Il Racconto dietro lo scatto
Amo questa montagna, e ho speso alcuni mesi nel suo scenario a osservare i mufloni per scattare alcune foto che avevo in mente: agili, silenziosi, timidi, eleganti, sono questi gli aggettivi che userei per descriverli in breve.

Seguendo alcuni scritti tramandati dai vecchi caprari del paese di Oliena, centro abitato alle falde del monte, ho studiato le abitudini e i movimenti di questi animali. Sebbene sia un appassionato di primi piani, desideravo però anche portare a casa un ritratto ambientato. Studiando il comportamento di numerosi esemplari avevo trovato lo spot perfetto per lo scatto che cercavo. Frequentando assiduamente il Supramonte di Oliena, conosco parecchi “cuiles”, parola sarda che viene usata per identificare gli antichi rifugi e case dei pastori, che si trovano sparsi in vari punti della montagna, perlopiù vicino a zone in cui si trovano approvvigionamenti idrici facilmente raggiungibili (forre, grotte o pozze) e vallecole. Il cuile “Vadde Sa Mandra” si trova a ridosso della cima del Corrasi, in uno spazioso pascolo montano sormontato da alcune querce secolari.

È qua che spesso ho visto passare gruppi di femmine, le mufle, e alcuni maschi in gruppi di tre o quattro che, nel periodo dell’accoppiamento e cioè in tarda estate e autunno, si sarebbero scontrati per ottenere il dominio dell’harem. In questa area del monte la sera, puntualmente, i mufloni scendono verso le zone vegetate dal leccio e il ginepro, per passare la notte e poi risalire al mattino verso pascoli più elevati dove nelle giornate soleggiate d’autunno il sole riscalda le placche calcaree. Il mio piano era quello di appostarmi, all’alba, nel punto di passaggio di alcuni individui che seguivo dalla primavera ed ero sicuro che, se non fosse stata quella volta, o la volta dopo, alla terza occasione sarei riuscito a trovare sotto di me un maschio da immortalare.

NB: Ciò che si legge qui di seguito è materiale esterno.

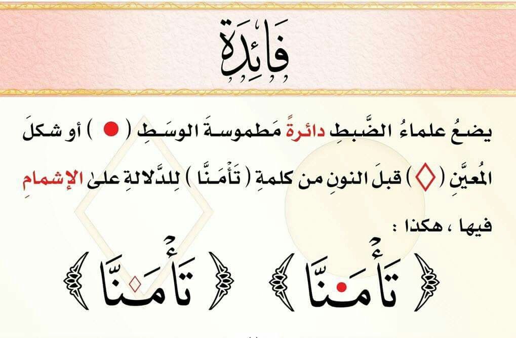 يقول الداني :«وأما حقيقة الإشمام فهو ضمك شفتيك بعد سكون الحرف أصلا ولا يدرك معرفة ذلك الأعمى لأنه لرؤية العين لا غير إذ هو إيماء بالعضو إلى الحركة» ويقول الحصري :«هو ضم الشفتين بلا صوت عقب إسكان الحرف إشارة إلى أن الحركة المحذوفة ضمة. ويؤخذ من هذا أنه لا بد من اتصال ضم الشفتين بإسكان الحرف من غير تراخ، فلو تراخى فإسكان مجرد» ويختص الإشمام بالضمة فقط. وعند الوقف عليها يكتفي فقط بتدوير الشفتين إشارة إلى صائت الضمة دون أن يحدث صوت كما ذكر علماء التجويد والقراءات.

Mi sveglio nel rifugio e il sole non è ancora sorto, vado allora su una grossa lingua di pietra che mi consente di avere una visione a 360° di ciò che mi circonda, mi godo l’alba, l’emozione è sempre la stessa, e poi succede l’inaspettato: un bellissimo esemplare, che avevo incontrato la sera prima circondato da 3 femmine, mi osserva da un masso che stava dietro di me, anticipando il mio arrivo. È in posa, è la foto che cercavo, “click!”. La giornata è appena iniziata ma posso già tornare a casa. La natura è imprevedibile e, nella sua purezza e perfezione, a volte, non ci dà la possibilità di farsi raccontare, se non nel momento infinitesimale di uno scatto. Buona luce.